Ein zentrales Ergebnis des Projekts ist, dass Unternehmen Biodiversität nicht als Hindernis, sondern als Chance begreifen können – sei es
zur Verbesserung ihres öffentlichen Images, zur Kooperation mit Naturschutzbehörden oder zur Schaffung eines positiven Arbeitsumfeldes. „Maßnahmen wie die Schaffung von Brut- und Ruheplätzen oder die
Berücksichtigung von Arten bei Betriebsabläufen sind mit wenig Aufwand umsetzbar“, ergänzt Patrick Schöpflin vom IÖW.

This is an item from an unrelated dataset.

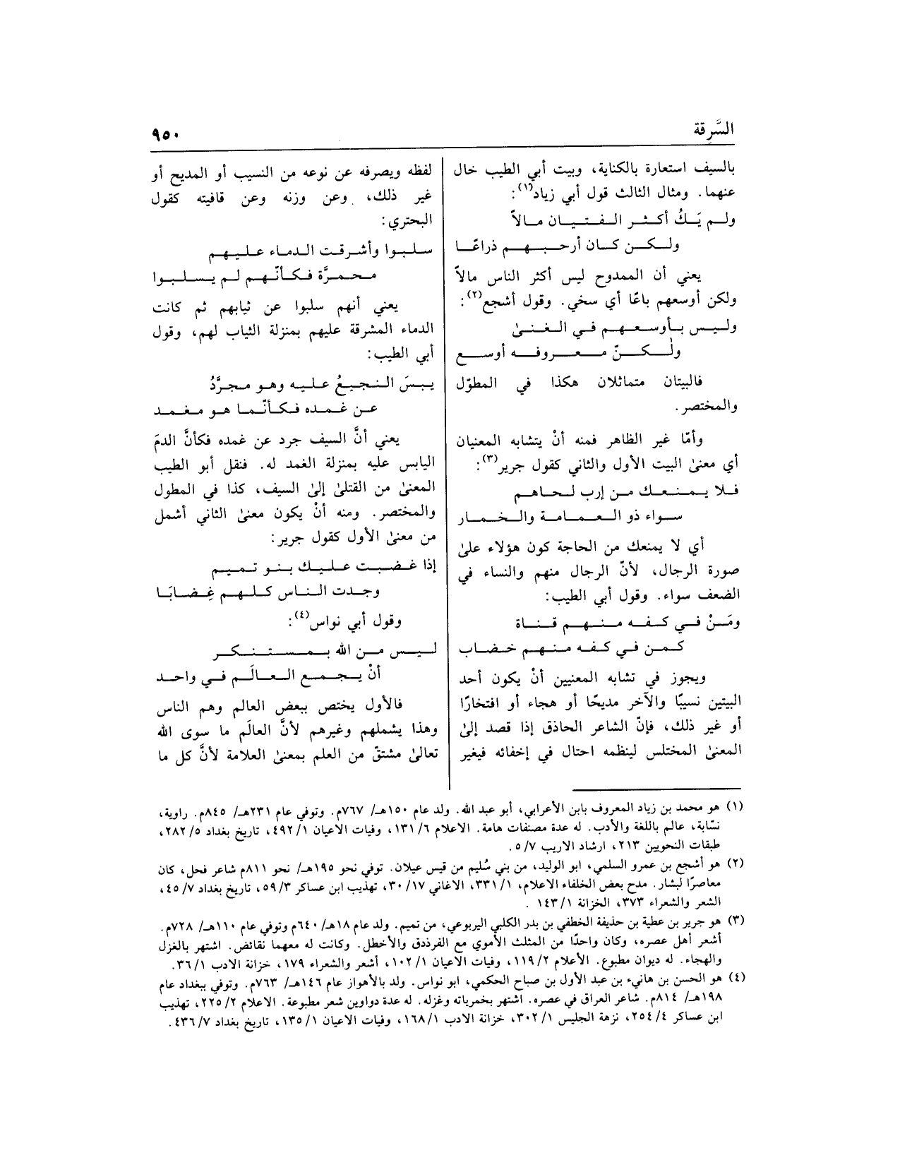 ومن في كفه منهم قناة كمن في كفه منهم خضاب ويجوز في تشابه المعنيين أن يكون أحد البيتين نسيبا والآخر مديحا أو هجاء أو افتخارا أو غير ذلك، فإنّ الشاعر الحاذق إذا قصد إلى المعنى المختلس لينظمه احتال في إخفائه فيغير لفظه ويصرفه عن نوعه من النسيب أو المديح أو غير ذلك، وعن وزنه وعن قافيته كقول البحتري:

„Neben eigenem Fachpersonal und externen Dienstleistern können auch engagierte Bürgerinnen und Bürger das Monitoring unterstützen“,
ergänzt Elena Kortmann, Referentin für Artenschutz-koordination im NABU. Im Projekt GiBBS beteiligten sich insgesamt 30 Freiwillige. Der NABU koordinierte die Einsätze und entwickelte einen
E-Learning-Kurs, um das Artenwissen zu erhöhen und zur Mitwirkung in solchen Citizen-Science-Projekten in Gewinnungsstätten zu befähigen. „Für Naturbegeisterte ist es eine gute Möglichkeit, seltene
Arten in besonderen Lebensräumen zu erleben und sich weiterzubilden. Im Gegenzug können Unternehmen ihr Engagement für Biodiversität aufzeigen", so Kortmann.
Hintergrund: Das Projekt „Ganzheitliches
Biodiversitätsmanagement in der Baustoffindustrie (GiBBS)” entwickelte ein Konzept für den Artenschutz in kleinen, mittleren und großen Rohstoffunternehmen. Beteiligt waren das Institut für
ökologische Wirtschaftsforschung (IÖW), das Institut für Landschaftsökologie der Universität Münster, das Leibniz-Institut zur Analyse des Biodiversitätswandels (LIB) und der NABU (Naturschutzbund
Deutschland) e.V. Als Praxispartner wirkten intensiv mit: der Bundesverband Baustoffe – Steine und Erden e.V. (bbs), der Bundesverband Mineralische Rohstoffe e.V. (MIRO) und der Bundesverband der
Gipsindustrie e.V. sowie sieben Unternehmen der Branche. Weitere Unternehmen sowie Naturschutzbehörden und Umweltverbände brachten sich in Dialogveranstaltungen ein. Gefördert wurde das Projekt vom
Bundesministerium für Bildung und Forschung (BMBF) in der Forschungsinitiative zum Erhalt der Artenvielfalt (FEdA) und im Förderschwerpunkt Sozial-ökologische Forschung (SÖF).